Letters 1764
| Author | John Wesley |
|---|---|
| Type | letter |
| Year | None |
| Passage ID | jw-letters-1764-028 |
| Words | 269 |
I advise you, Sammy, sacredly to abstain from reading any stiff writer. A bystander sees more than those that play the game. Your style is much hurt already. Indeed, something might be said if you was a learned infidel writing for money or reputation. But that is not the case: you are a Christian minister, speaking and writing to save souls. Have this end always in your eye, and you will never designedly use an hard word. Use all the sense, learning, and fire you have; forgetting yourself, and remembering only these are the souls for whom Christ died; heirs of an happy or miserable eternity!--I am, with love to Nancy, Your affectionate friend and brother. The Rev. Mr. Furly, At the Rev. Mr. Venn's, In Huddersfield, Yorks.
To the Earl of Dartmouth LAMPETER, July 26, 1764.

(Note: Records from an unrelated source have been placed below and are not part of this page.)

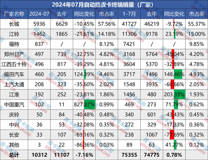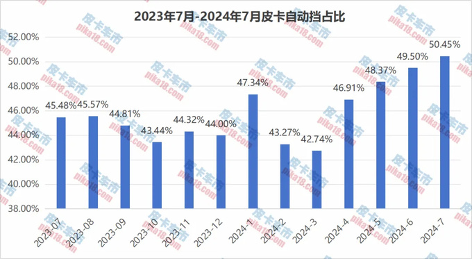 历史性一刻!在国内皮卡约40年发展史上,第一次自动挡皮卡的月销量超过了手动挡皮卡的月销量!7月自动挡皮卡的销量达到了10312辆,而本月手动挡皮卡的销量则为10127辆,自动挡皮卡占比达到50.45%。1-7月,自动挡皮卡的累计销量达到了75355辆,实现同比增长0.78%。而今年1-7月手动挡皮卡的累计销量则为83227辆,去年1-7月则达到了119253辆,同比下滑达到了30.21%!
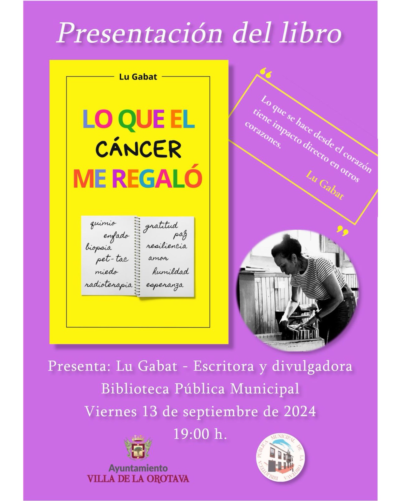 Este viernes 13 de septiembre a las 7 de la tarde, Lu Gabat presenta su libro Lo que el cáncer me regaló, en la Sala de Canarias de la Biblioteca Municipal.
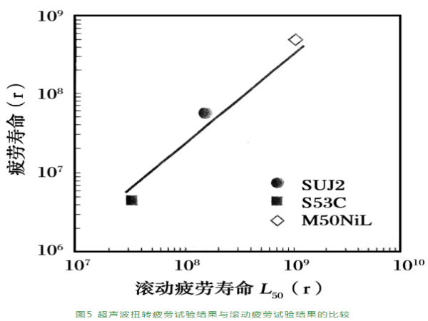 超聲波扭轉(zhuǎn)疲勞試驗機(jī)主要由扭轉(zhuǎn)振動變換器(激振頻率為(20 000±500)Hz)、放大器、扭轉(zhuǎn)振動放大變幅桿等組成。采用本試驗機(jī)評價高碳鉻軸承鋼SUJ2、結(jié)構(gòu)碳鋼S53C、高溫滲碳鋼M50NiL的結(jié)果如圖4所示。根據(jù)時間強(qiáng)度、疲勞極限來評價,那么S53C最低,M50NiL最高。
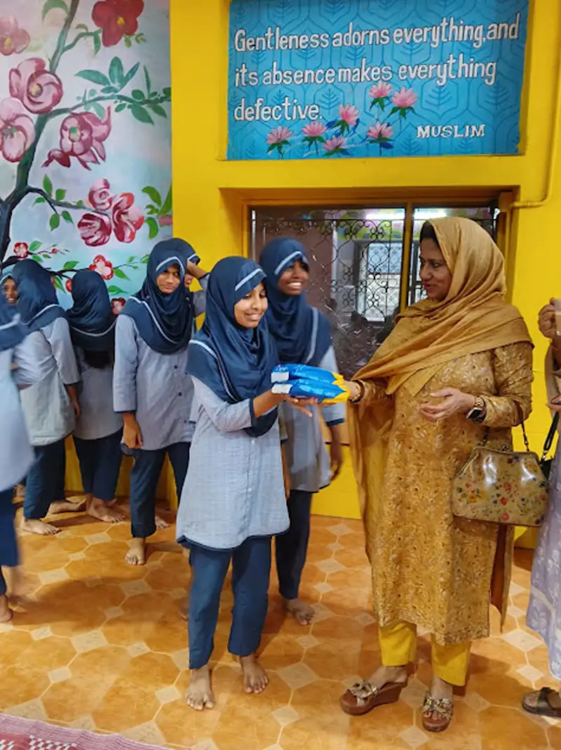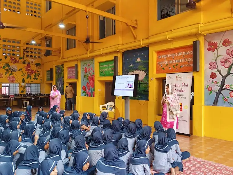 A special awareness session was held at the GH Courtyard, Anjuman e Himayath e Islam school, led by Dr. N. Nikanth Nasreen, who delivered an informative and engaging talk for the teenage girls. The session covered essential topics, including proper menstrual hygiene practices, correct sanitary napkin usage and disposal methods, the importance of staying hydrated during menstruation, and safe intimate hygiene habits.
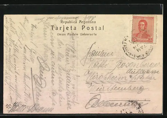 Personenbezogene Daten auf der Rückseite der Karte wurden durch blauen Textmarker unkenntlich gemacht. Die blauen Stellen sind auf die Vorderseite durchgeweicht und wirken sich negativ auf das Postkartenfoto aus
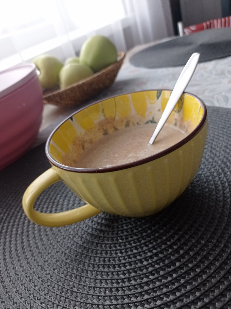 Вкус яблочный, с кислинкой от аскорбиновой кислоты. Загущает напиток, в который добавляется. Кефир 2,5% или ряженка получаются очень густыми. Тем не менее, можно есть ложкой как десерт. Получается в одной порции и полезные бактерии и клетчатка - идеальный вечерний перекус! Думаю попробовать добавлять в компот. Можно использовать 2-3 раза в неделю, чтобы разнообразить и обогатить клетчаткой свой рацион.
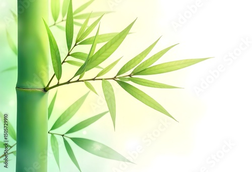 © Bandhan, Fototapeta premium Fresh green bamboo stem and leaves with soft gradient natural background high resolution photo
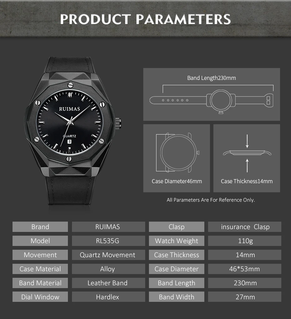 100% Новинка с биркой и высоким качеством. 3 АТМ/30 М Водонепроницаемость (не поддерживает душ, плавание и дайвинг); Сплав чехол; Кожаный ремешок для часов;
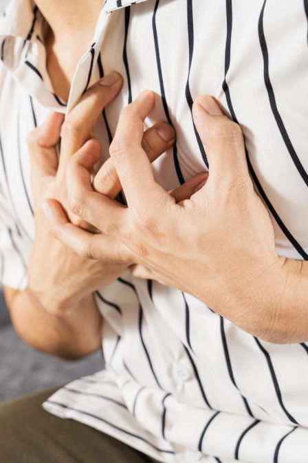 - боли не беспокоят, однако появилось поверхностное дыхание, одышка, внезапные перебои работы сердца;
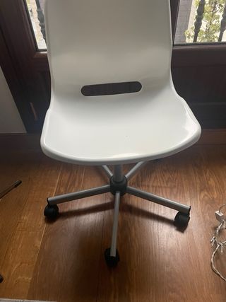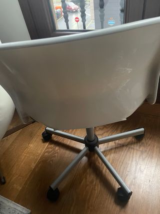 silla giratoria blanca de Ikea en buenas condiciones, tiene una rozadura en el lateral, como se aprecia en la última foto.

MY LORD,--Upon an attentive consideration, it will appear to every impartial person that the uniting of the serious clergy in the manner I proposed in a former letter [See letter of April 19.] is not a matter of indifferency, but what none can reject unless at the peril of his own soul. For every article therein mentioned is undeniably contained in the royal law, the law of love; and consequently the observance thereof is bound upon every man as indispensably necessary to salvation. It will appear, farther, that every single person may observe it, whether the other will or no. For many years I, for instance, have observed this rule in every article. I labour to do so now; and will by God's help, whatever others do, observe it to the end.